Onlar direnişin onurlu yolunda yürüyorlar
İşte Nuriye Gülmen, Semih Özakça ve Kemal Gün de direnişten başka çarenin olmadığını herkese bir kez daha hatırlatan insanlar. İkisi öğrencilerine kavuşmak için diğeri ise oğlunun cansız bedenine kavuşmak için bedenlerini ölüme yatırdılar. Bu üç koca yürek ellerinde kalan son şeyleriyle direnişi büyütürken, ezilen kitlelere de umut oluyorlar.
Kemal amca açlık grevi direnişinin 80. gününü geçti, kalıcı hasar ve hayati tehlike de direnişinin kararlılığıyla boy göstermeye başladı. O geri dönüşü olmadığını bilerek, evladı için bedenini ölüme yatırmışken aynı şekilde hocalarımız da sonunu bildikleri o yola girdiler. Türkiye’nin birçok ilinde, tüm saldırılara ve gözaltılara rağmen işleri, emekleri ve onurları için direnişlerini sürdüren kamu emekçileri var. Nuriye ve Semih hocamız da bunlardan ikisi. Ankara Yüksel Caddesi’ndeki oturma eylemleri 190’lara gelmişken açlık grevi direnişleri ise 70. güne yaklaşıyor, kalıcı hasar ve hayati tehlikeleri de artıyor.
Lakin faşizm üç maymunu oynayarak, yeni KHK’ler ve keyfi, hukuksuz uygulamalarla insanları işlerinden atmaya, zulmetmeye, tutuklamaya ve katletmeye devam ediyor. Direniş başladığından bu yana hemen her gün saldırı, gözaltı, baskılarla Semih ve Nuriye hocamızı yıldırmayı umdular ama umduklarını bulamadılar. Baskılar karşısında yılacaklarını sanan faşizmin suratına yumruk gibi çarptılar direniş ruhunu. Ve açlık grevine başladıklarını duyurdular. Bunun üzerine yine saldırdılar direniş alanına, desteğe gidenleri işkenceyle gözaltına aldılar. Fakat ne hocalarımız ne de destek verenler yıldı. Direnişe en güzel ve güçlü şekilde devam ettiler. Bu üç direnişçinin talepleri de çok değil. Onlar sadece haklarını geri istiyorlar. Kemal amca cenaze hakkını, hocalarımız ise hukuksuzca ellerinden alınan çalışma haklarını…

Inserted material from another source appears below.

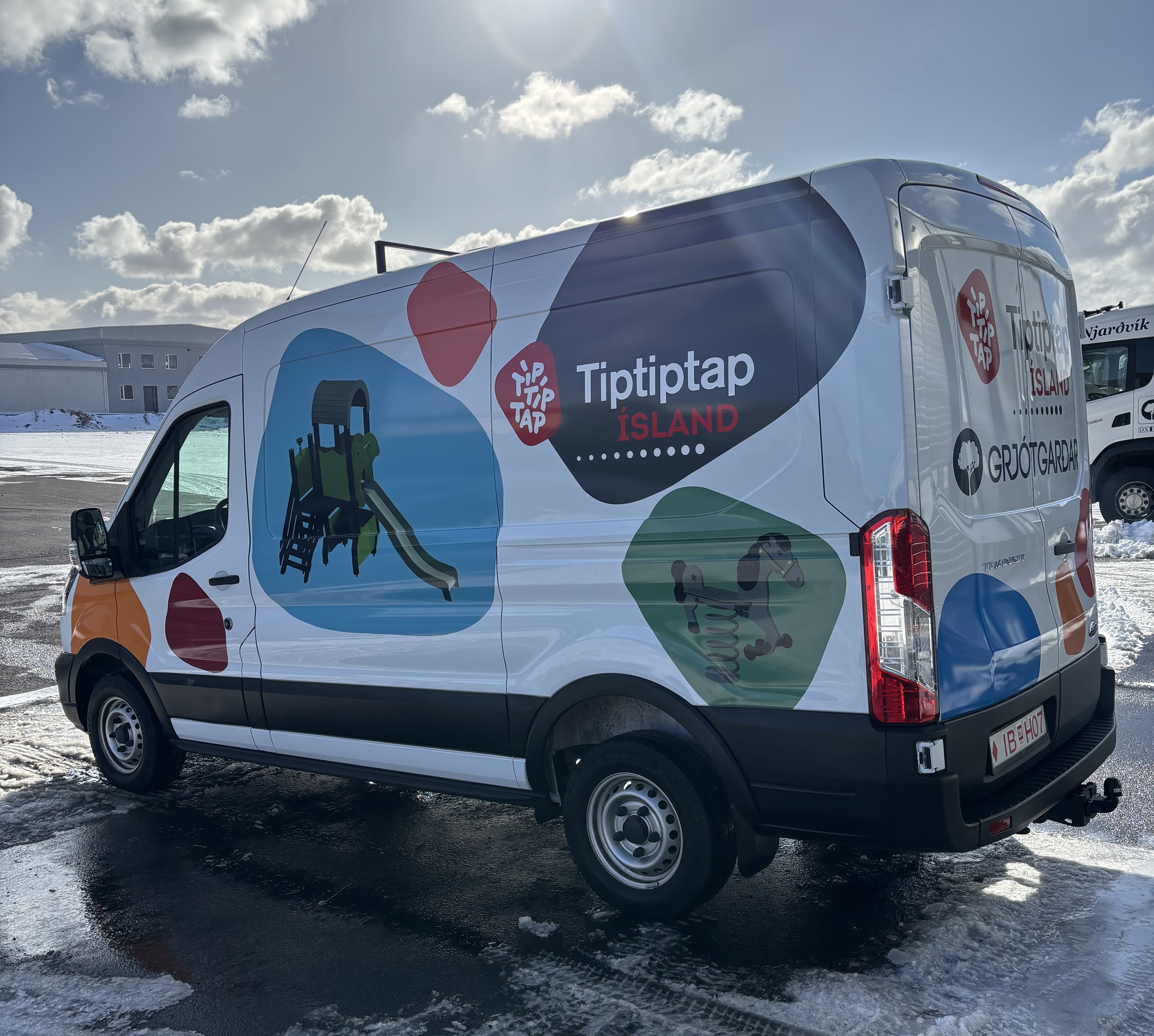 Frábær viðbót í flotann en þessi bifreið verður eingöngu notuð þegar kemur að uppsetningu og viðhald á tiptiptap leiktækjum.

Ülkemiz toprakları açlık grevlerine ve ölüm oruçlarına yabancı değil. Öyle ya faşizmin olduğu yerde direniş de olacaktır elbette. Topraklarımız 96’da 2000’lerde 2011’de yaşadı bu görkemli direnişleri. Hakları ve insanlık onurları için yatırdı insanlar bedenlerini ölüme. Toprağa verdik canlarımızı bu onurlu direniş yolunda. Lakin ne bizim umudumuz ne de direniş azmimiz eksildi onlarla. Tam aksine, toprağa verdiğimiz her canımız umudumuzu ve gücümüzü perçinledi, direniş yolunda önümüze ışık oldu.
Olmaya da devam ediyorlar. Faşizm bilsin ki Kemal amcanın da Nuriye ve Semih hocamızın da yanındayız. Onurlu direnişlerinde yalnız değiller ve olmayacaklar.